Maciej Eder; Jan Rybicki

Authorship

1. Maciej Eder

Pedagogical University of Krakow
2. Jan Rybicki

Pedagogical University of Krakow

Work text

This plain text was ingested for the purpose of full-text search, not to preserve original formatting or readability. For the most complete copy, refer to the original conference program.

Stylometry with R
Eder, Maciej, Pedagogical University of Kraków, Poland, maciejeder@gmail.com
Rybicki, Jan, Pedagogical University of Kraków, Poland, jkrybicki@gmail.com
Stylometric studies, in all their variety of material and method, share two common features: the electronic texts they study have to be coaxed somehow to yield numbers, and the numbers themselves have to be processed with statistical software. Sometimes, the two actions are two independent parts of a given study. To give the simplest example, one piece of software is used solely to compile word frequency lists; then, one of the many commercial statistics packages takes over to extract meaning from this mass of words, draw graphs etc.

This approach works if standard statistical procedures are applied to the data.

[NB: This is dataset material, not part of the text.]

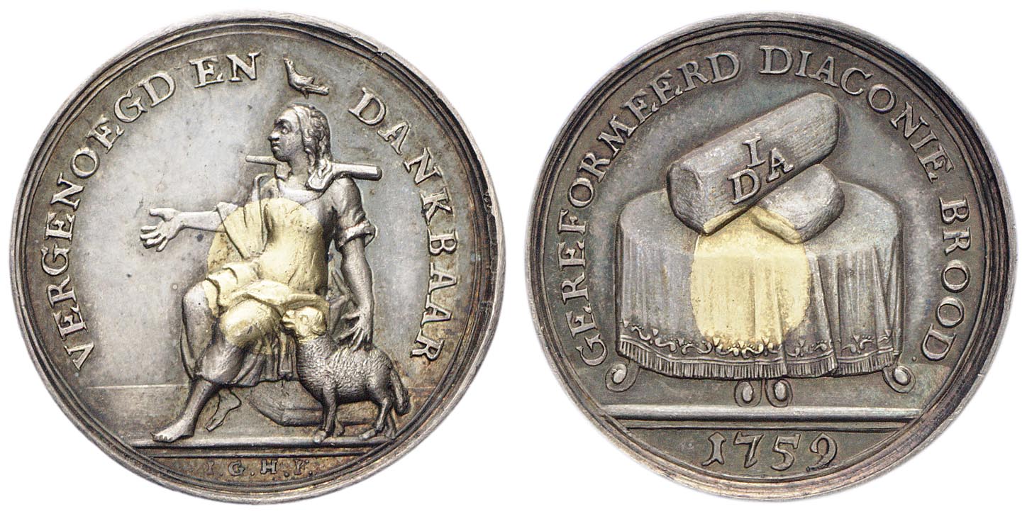 keerzijde: een tafel met gedrapeerd tafelkleed, daarop twee gekruiste broden waarop de letters DIA. Omschrift. Onder de afsnede een jaartal.

For multivariate word-frequency-based authorship attribution, for instance, once free AntConc produces word lists with frequencies, expensive (yet often university-licensed) SAS, SPSS or Statistica can be used to produce relative frequencies and correlation matrices thereof, and one of their many modules can in turn produce Principal Components (PCA), Cluster (CA), or Multidimensional Scaling (MDS) analyses. This is already a very comfortable situation when compared to what Burrows had to rely on in his seminal work on Jane Austen’s style (Burrows 1987).

Yet, as stylometrists have begun to produce statistical methods of their own – to name but a few, Burrows’s Delta, Zeta and Iota (Burrows 2002, 2006) and their modifications by other scholars (Argamon 2008, Craig and Kinney 2009, Hoover 2004a, 2004b) – commercial software, despite its wide array of accessible methods, becomes something of a straitjacket. This is why a number of dedicated stylometric solutions have appeared, targeting the specific analyses frequently used in this community.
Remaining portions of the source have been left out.